The affine candidate list is constructed by the steps of:

1) Inserting inherited affine candidates

Inherited affine candidates refer to: candidates are derived from affine motion models of blocks of their valid neighbor affine codecs. At most two inherited affine candidates are derived from affine motion models of neighboring blocks and inserted into the candidate list. For the left predictor, the scan order is { A0, A1}; for the upper predictor, the scan order is { B0, B1, B2}.

2) Insertion construction affine candidates

If the number of candidates in the affine candidate list is less than MaxNumAffineCand (e.g., 5), then the build affine candidate is inserted into the candidate list. Constructing affine candidates refers to: candidates are constructed by combining the neighbor motion information of each control point.

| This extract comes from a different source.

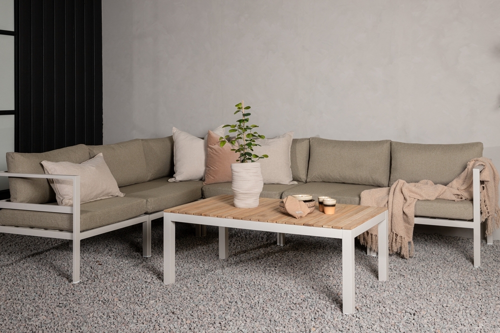 Det är smart att komplettera soffgruppen med lite extra moduler - gör plats och förläng soffan med en hörndel och en mittdel till din utomhussoffa från serien Copacabana! Luta dig tillbaka och njut av de lata sommardagarna medan du upptäcker en ny nivå av lyx och avkoppling där fler får plats. Modulerna är i beige aluminium med tillhörande gråa dynor för extra komfort. Tillverkade av högkvalitativt material som är hållbart och tåligt över tid men kuddarna önskas gärna skyddas mot vädrets värsta sidor som regn och rusk. Här kan du möblera flexibelt med moduler som enkelt plockas bort eller plockas fram beroende på antal gäster och utrymme. Copacabana-serien tar utemöbler till en ny nivå genom att erbjuda en perfekt kombination av stil och funktionalitet!

A) The motion information of the control point is first derived from the designated spatial and temporal neighbors shown in fig. 17. CPk (k=1, 2,3, 4) represents the kth control point. A0, A1, A2, B0, B1, B2, and B3 are spatial locations for predicting CPk (k=1, 2, 3); t is the time domain position used to predict CP 4.

Coordinates of CP1, CP2, CP3, and CP4 are (0, 0), (W, 0), (H, 0), and (W, H), respectively, where W and H are the width and height of the current block.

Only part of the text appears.